== Water friends of the planet asked ==
Hello, Mr. Shen, I want to ask you a question about id card information retrieval.
The company has a service of 50,000 concurrent queries per second, (suppose) according to the ID CARD MD5 query id information, there are 100 billion data, plain text storage, I saw you write LevelDB a few days ago, can this service use LevelDB memory database for storage? Are there other optimizations?
Voice: LevelDB_ “Memory KV Cache/database”. _
== Problem description ==
The last planet water friend asked is 3.6 billion log background paging query, followed by a 100 billion text MD5 query, this time the business, at least need to solve:
(1) Query problems;
(2) High performance issues;
(3) Storage problems;
First, query questions
The efficiency of text information search and retrieval is very low. The first problem to be solved is to transform text filtering into structured query.
Since the retrieval condition is MD5, it can be structured as:
(MD5, data)
This can be KV query, or database index query.
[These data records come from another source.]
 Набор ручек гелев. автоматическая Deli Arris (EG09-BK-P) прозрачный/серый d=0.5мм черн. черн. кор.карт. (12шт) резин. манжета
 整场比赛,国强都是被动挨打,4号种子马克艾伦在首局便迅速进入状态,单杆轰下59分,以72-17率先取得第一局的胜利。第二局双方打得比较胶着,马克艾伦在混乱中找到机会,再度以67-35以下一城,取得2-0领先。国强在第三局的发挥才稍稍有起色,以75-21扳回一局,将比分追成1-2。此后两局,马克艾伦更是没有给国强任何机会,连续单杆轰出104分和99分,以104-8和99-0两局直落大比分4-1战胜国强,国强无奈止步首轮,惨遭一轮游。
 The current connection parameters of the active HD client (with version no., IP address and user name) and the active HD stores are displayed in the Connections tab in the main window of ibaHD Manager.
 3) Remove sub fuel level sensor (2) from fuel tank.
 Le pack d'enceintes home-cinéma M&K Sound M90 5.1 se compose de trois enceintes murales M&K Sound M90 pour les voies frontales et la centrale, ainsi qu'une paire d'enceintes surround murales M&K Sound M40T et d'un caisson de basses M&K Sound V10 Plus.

It should be noted that MD5 is generally represented as a string, and the performance of string as an index will be reduced. Therefore, MD5 of string type can be converted into two Uint64_t for storage to improve indexing efficiency.
(md5_high, md5_low, data)
Two long integers for joint index, or joint key in KV.
This service has a strong feature, is a single row of data on the primary key of the query, regardless of the amount of data, even without the use of caching, traditional relational database storage, single machine can carry at least 1W of queries.
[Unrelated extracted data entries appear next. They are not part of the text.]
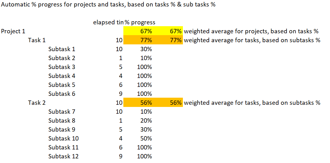 It would be nice to have an automatic KPI showing % progress on projects, based on tasks, and on tasks, based on subtasks:
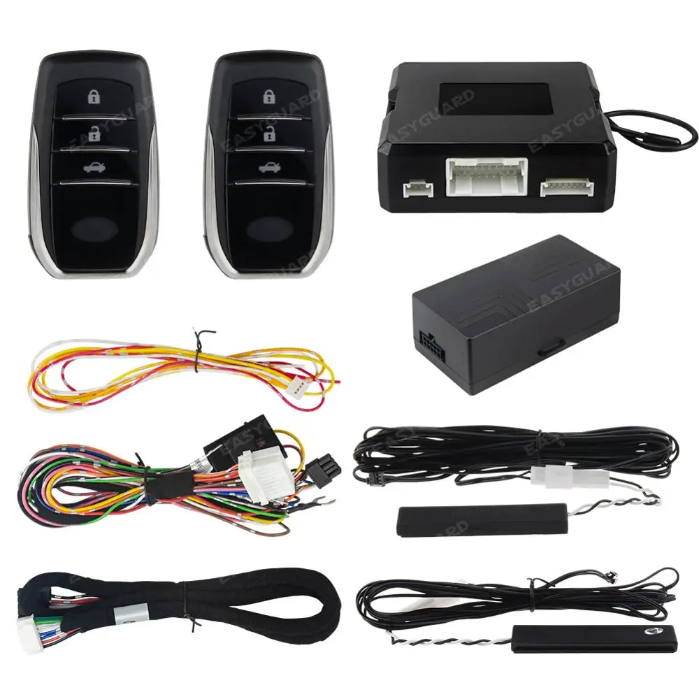 Это интеллектуальная Автосигнализация EASYGUARD EC211-T2 PKE, пассивная система дистанционного запуска двигателя без ключа, совместимая с кнопкой пуска OEM от производителя TOYOTA.
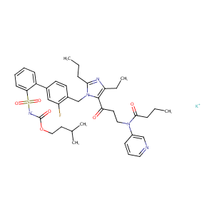 S(=O)(=O)([N-]C(=O)OCCC(C)C)c1c(c2cc(c(Cn3c(c(nc3CCC)CC<br />)C(=O)CCN(C(=O)CCC)c3cnccc3)cc2)F)cccc1.[K+]
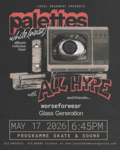 Palettes Album Release tour for White.(Noise) stopping by Programme with our old friends All Hype. They're rocking and rolling with worseforwear and Glass Generation on this date and we're stoked to be packing it out with them. No Drugs. No Booze. No Bullshit. ALL AGES.
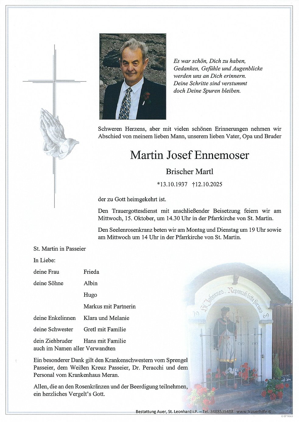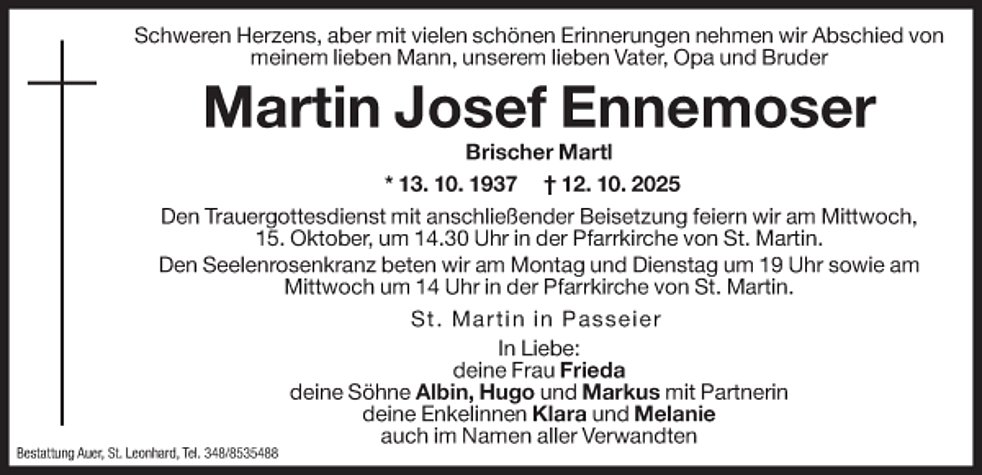 Den Trauergottesdienst mit anschließender Beisetzung feiern wir am Mittwoch, 15. Oktober, um 14.30 Uhr in der Pfarrkirche von St. Martin.
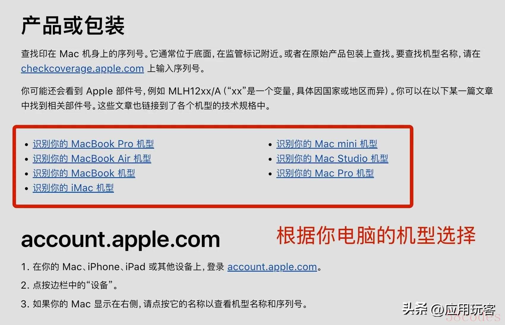 不知道如何选择的话 【点击这里查看】 如何查找 Mac 机型名称和序列号!
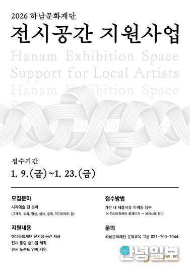안녕일보 배윤 기자 | (재)하남문화재단이 하남시를 기반으로 시각예술 분야에서 활동하는 지역 예술가를 지원하기 위해 '전시공간 지원사업' 참여 작가를 오는 23일까지 모집한다고 밝혔다.

_ Voiceover: _ But it can’t be stored in a single machine, more on that later.
Second, high performance
At 5W concurrency per second, the throughput is very high. The second thing to solve is: performance improvement.
The business of id card inquiry has two strong features:
(1) The queried data is fixed;
(2) only **** has query request, no modification request;
It’s easy to imagine that caches are very, very good for this scenario, and not only that, they can also load data into memory ahead of time, avoiding the “warm-up” of the cache.
Voiceover: Design according to business characteristics, any architecture design that deviates from business is a hooligan.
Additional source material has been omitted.